Saved entries
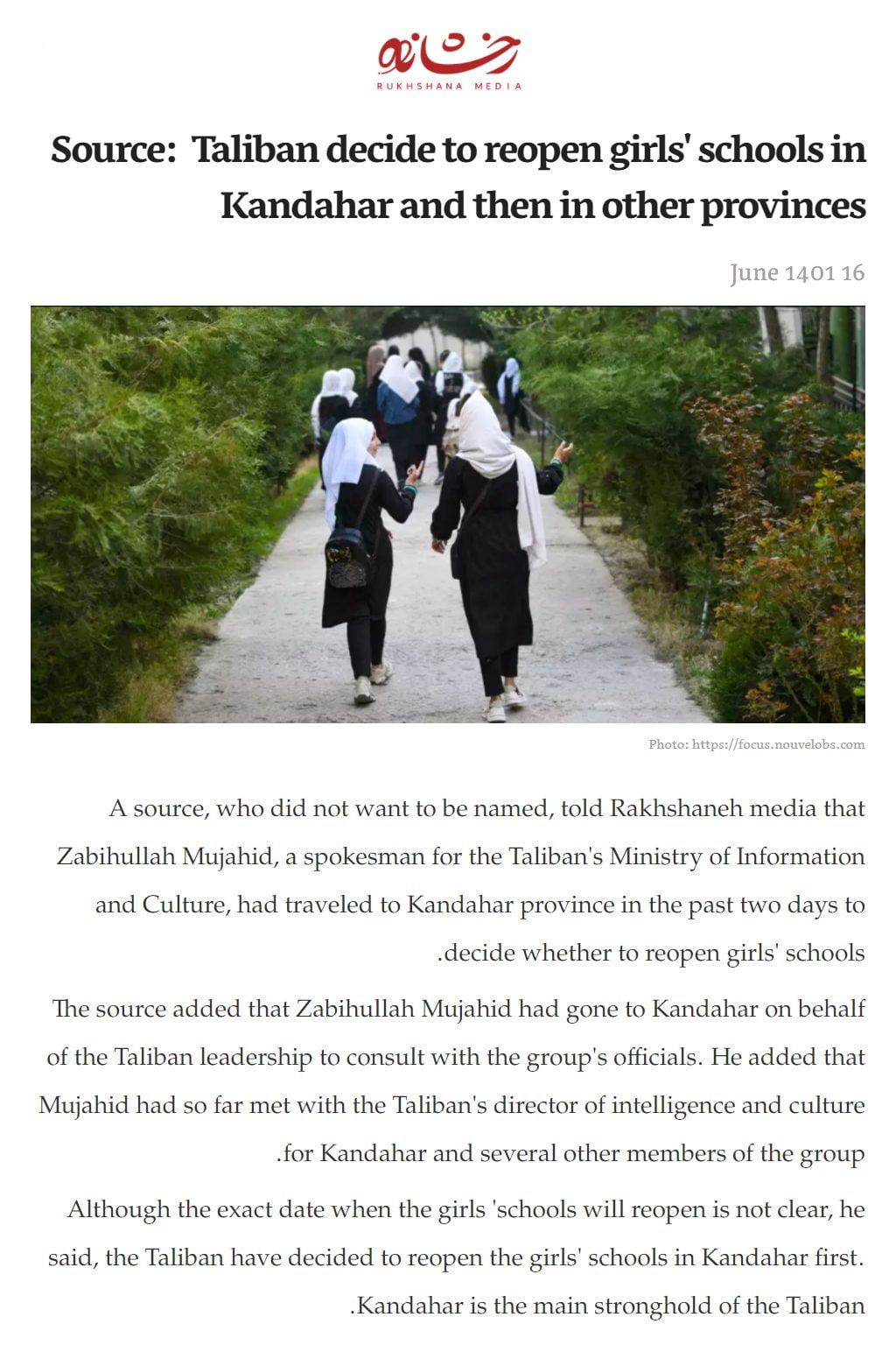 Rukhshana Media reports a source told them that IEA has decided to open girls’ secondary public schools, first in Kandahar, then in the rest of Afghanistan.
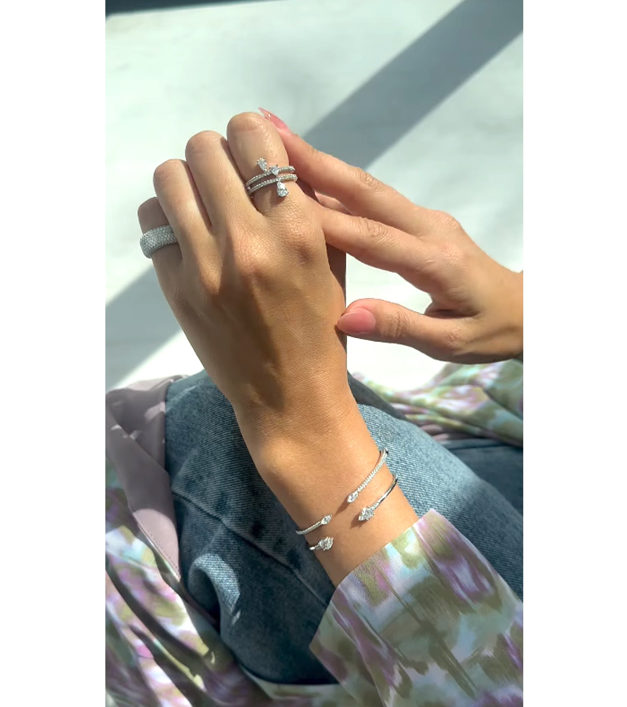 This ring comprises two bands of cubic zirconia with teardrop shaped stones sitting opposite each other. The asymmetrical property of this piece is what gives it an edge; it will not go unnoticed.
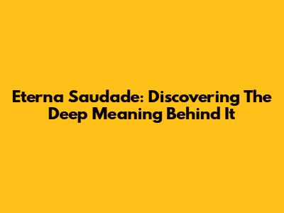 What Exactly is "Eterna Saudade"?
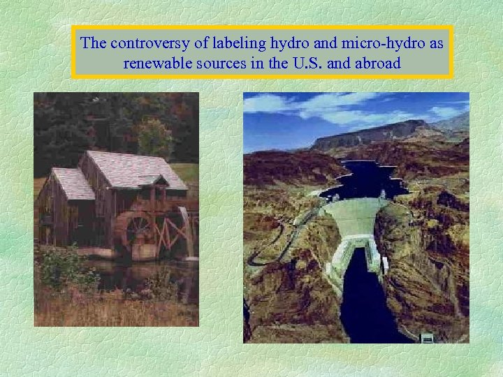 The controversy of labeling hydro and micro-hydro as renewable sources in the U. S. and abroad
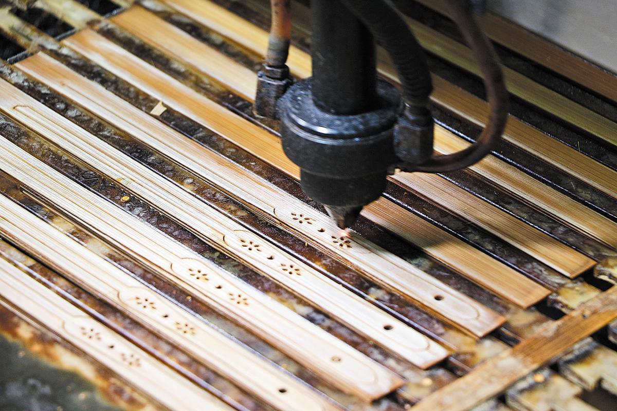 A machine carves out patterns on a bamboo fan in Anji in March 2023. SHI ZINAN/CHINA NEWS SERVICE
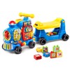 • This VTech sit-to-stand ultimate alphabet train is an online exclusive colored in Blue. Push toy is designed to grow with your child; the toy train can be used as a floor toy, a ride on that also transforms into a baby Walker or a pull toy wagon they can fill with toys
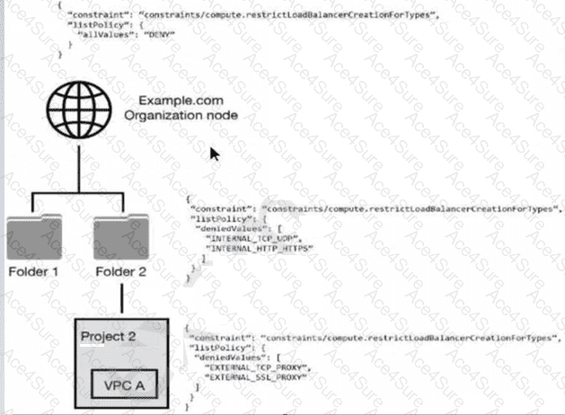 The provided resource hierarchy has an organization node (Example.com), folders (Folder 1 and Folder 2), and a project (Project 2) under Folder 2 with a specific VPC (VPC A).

**What the task asks**: Since the pictures are not part of the copy, please transcribe only the lines above from the one with "What Exactly is" through the one with "A machine carves", exactly and with both ends.

**Solved problem**:
 What Exactly is "Eterna Saudade"?
 The controversy of labeling hydro and micro-hydro as renewable sources in the U. S. and abroad
 A machine carves out patterns on a bamboo fan in Anji in March 2023. SHI ZINAN/CHINA NEWS SERVICE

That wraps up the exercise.